This invention relates to forming battery separator envelopes for enveloping battery plates and more particularly to securing battery separator walls together to form battery separator envelopes.
In the past it has been the practice to form battery separator envelopes by interconnecting walls of battery separator through the means of adhesives, hot melts, tape or when the battery separator material was appropriately sealable through heat seals and ultrasonic sealing. In all of these instances, using the previous practices, it was usual to either butt the edges of the battery separator together where it was to be joined or to lap them over one another. It has also been the practice in the past to directly cast battery separator tubes or to sew tubes from fabric and then impregnate the fabric.
It has surprisingly been found that through the present invention the walls may be spaced from each other and interconnected through a foam member and yet no additional space is lost within the battery without deleteriously affecting the free flow area of the battery separator available to the battery electrolyte.

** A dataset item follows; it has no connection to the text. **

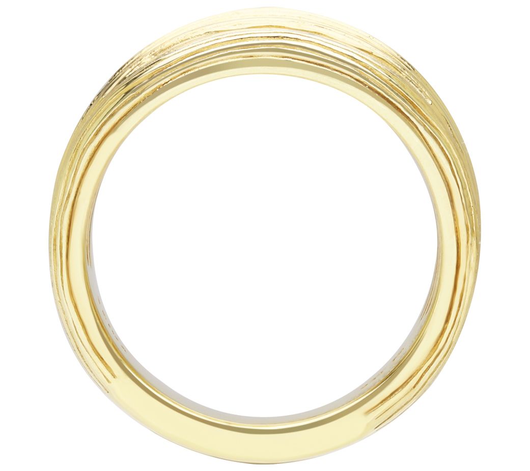 Discover the elegance of this silk open band ring, where sterling silver meets the warmth of 18K yellow gold cladding. This wide band ring features five open rows of silk-textured bands that converge gracefully at the sides, complemented by a textured shank for a touch of sophistication. From Ariva.
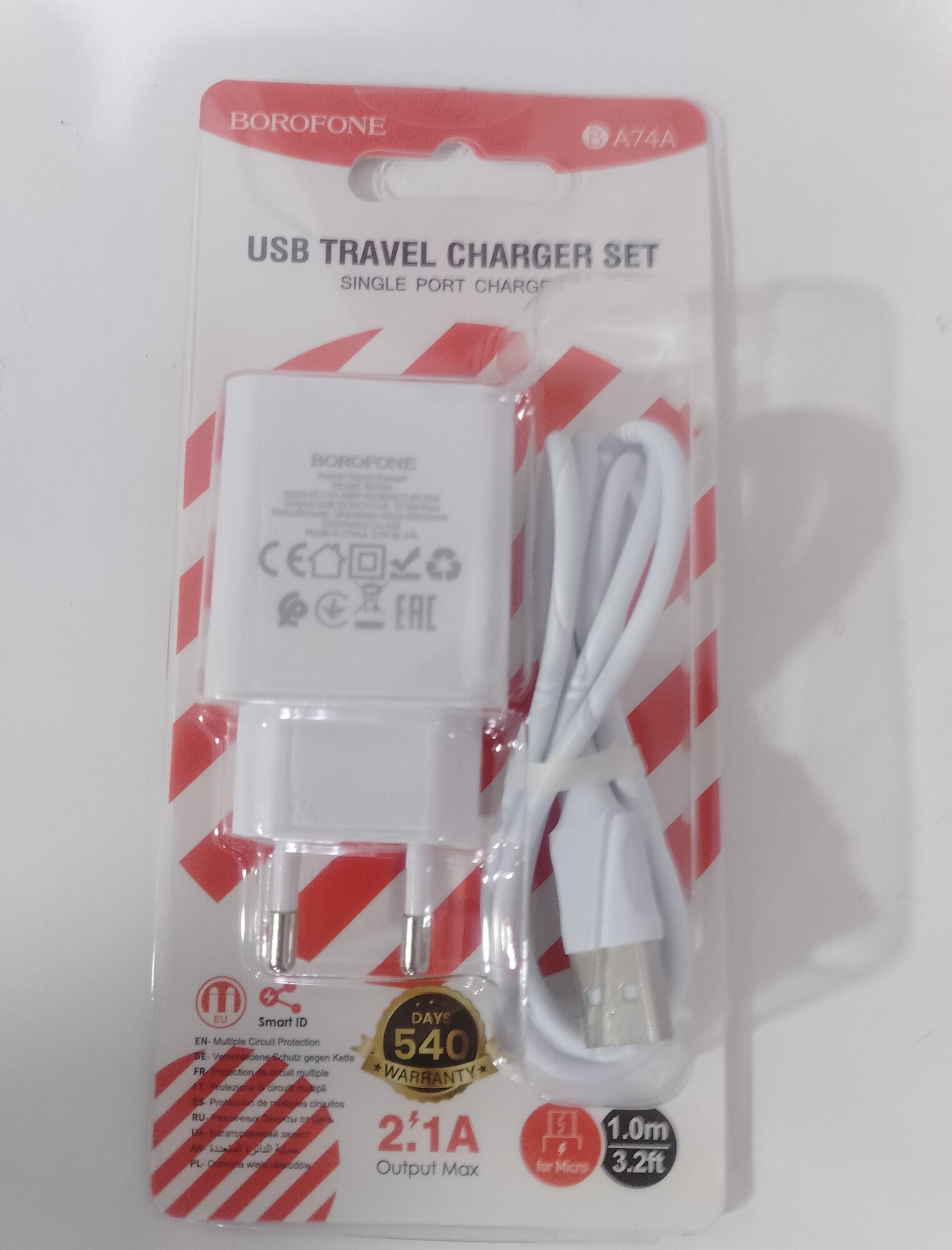 Сетевое зарядное устройство 1 USB Borofone BA74A Aspirer, пластик, 2.1A, кабель микро USB, цвет: белый

One prior enveloping method used with the positive plates of lead acid industrial batteries involved placing glass mats over the faces of the battery paste and then wrapping the plate around its narrow dimension with a tape of glass sliver. Then a PVC sheet is wrapped over the tape, overlapped and sealed. The PVC sheet has perforations mechanically poked in it where the paste is and is solid at the edges of the plate to reduce moss or edge shorts. The bottom edge (open edge opposite the battery post) is then inserted into a plastic shield that fits over the rectangular bottom of the PVC wrapping.